A&A: Are emails sent to elected officials private or public?

Q: Are e-mails sent by residents to the council or other government entities (GE) concerning a hot button issue considered public records? Or are they somehow protected by the ”right to privacy” and beyond public scrutiny?

In this case, the GE itself asked residents to send the e-mails and is making policy decisions based on the e-mails. I guess it would seem there could be potential for abuse of the “system” if there were a “faction” of people who could anonymously send biased e-mails attempting to sway the council one way or the other, sign their e-mails ‘Concerned Citizen’, say things that aren’t true and completely un-verifiable in any way.

What do you think?

A: The short answer (which won’t really answer your question) is that written communications to government officials concerning public business should be considered public records under California’s Public Records Act. However, it is possible that the records — or some portion of them — would be considered exempt from disclosure.

Under the PRA, “any writing containing information relating to the conduct of the public’s business prepared, owned, used, or retained by any state or local agency regardless of physical form or characteristics,” Gov’t Code § 6252(e), is presumed to be open to the public and must be disclosed unless a specific provision of the PRA or other law exempts it from disclosure.

As you suggest, it is possible that an agency might argue that e-mails from residents about a controversial public issue are exempt based on the residents’ right to privacy (or under the so-called catch-all or balancing exemption of the PRA). But under the circumstances that might be quite a weak argument.

There are a few cases that discuss this whether the identities of members of the public who have interacted with the government in particular ways can be disclosed under the PRA.

In one, the Court of Appeal held that the public interest in not disclosing the names and contact information of individuals who had complained about airport noise clearly outweighed the public’s interest in the disclosure of that information.

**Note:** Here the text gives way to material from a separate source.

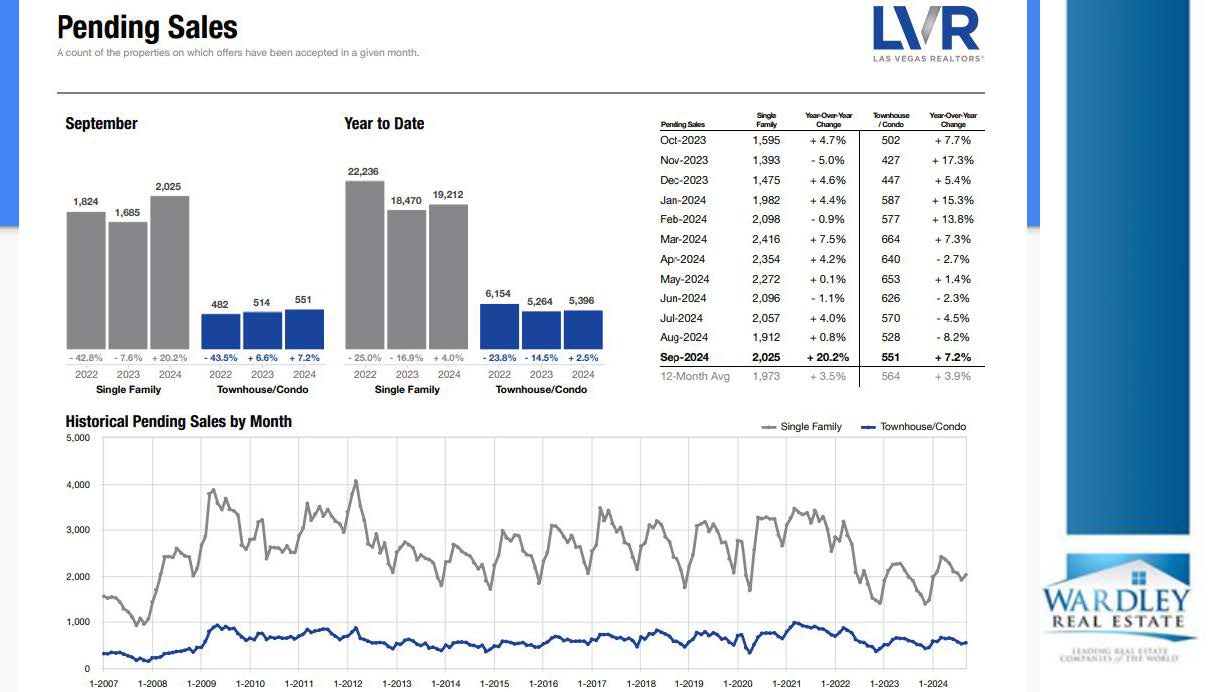 The Las Vegas Valley Real Estate Market received showed several positive signs in September, with New Listings up 12% from the year before and Pending Sales (accepted contracts that have not yet closed) up over 20% from the same time last year.

City of San Jose v. Superior Court, 74 Cal. App. 4th 1008, 1023 (1999); Govt. Code § 6255  (“The agency shall justify withholding any record by demonstrating that the record in question is exempt under express provisions of this chapter or that on the facts of the particular case the public interest served by not disclosing the record clearly outweighs the public interest served by disclosure of the record.”).

There would seem to be an argument that permitting citizens to complain anonymously to the government is important in a way that keeping the contents of communications to government officials about the substance of controversial issues is not (and, conversely, that there is little to be gained from identifying the complainers while there is quite a lot to be gained from knowing what residents wrote to their councilmembers).

In another case, the California Supreme Court held that a television station was entitled to obtain applications to carry concealed weapons. CBS v. Block, 42 Cal. 3d 646, 658 (1986). Any interest the applicants had in preventing the disclosure of their personal information was outweighed by the public’s interest in examining the bases on which the licenses were issued. Id.

Similarly, the Court of Appeal ruled that a newspaper could obtain the names of individuals who had exceeded their allotment of rationed water. New York Times Co. v. Superior Court, 218 Cal. App. 3d 1579, 1585 (1990).

In the situation you outline, the interest in disclosing the communications would seem to be quite high, even implicating basic democratic principles. In contrast, it seems difficult to articulate a basis for keeping the contents of the communications secret. And to the extent the communications were sent without any reasonable expectation that they would be kept private, there would not seem to be a strong argument even for redacting information from the communications that would identify the senders.

Holme Roberts & Owen LLP is general counsel for the First Amendment Coalition and responds to First Amendment Coalition hotline inquiries. In responding to these inquiries, we can give general information regarding open government and speech issues but cannot provide specific legal advice or representation.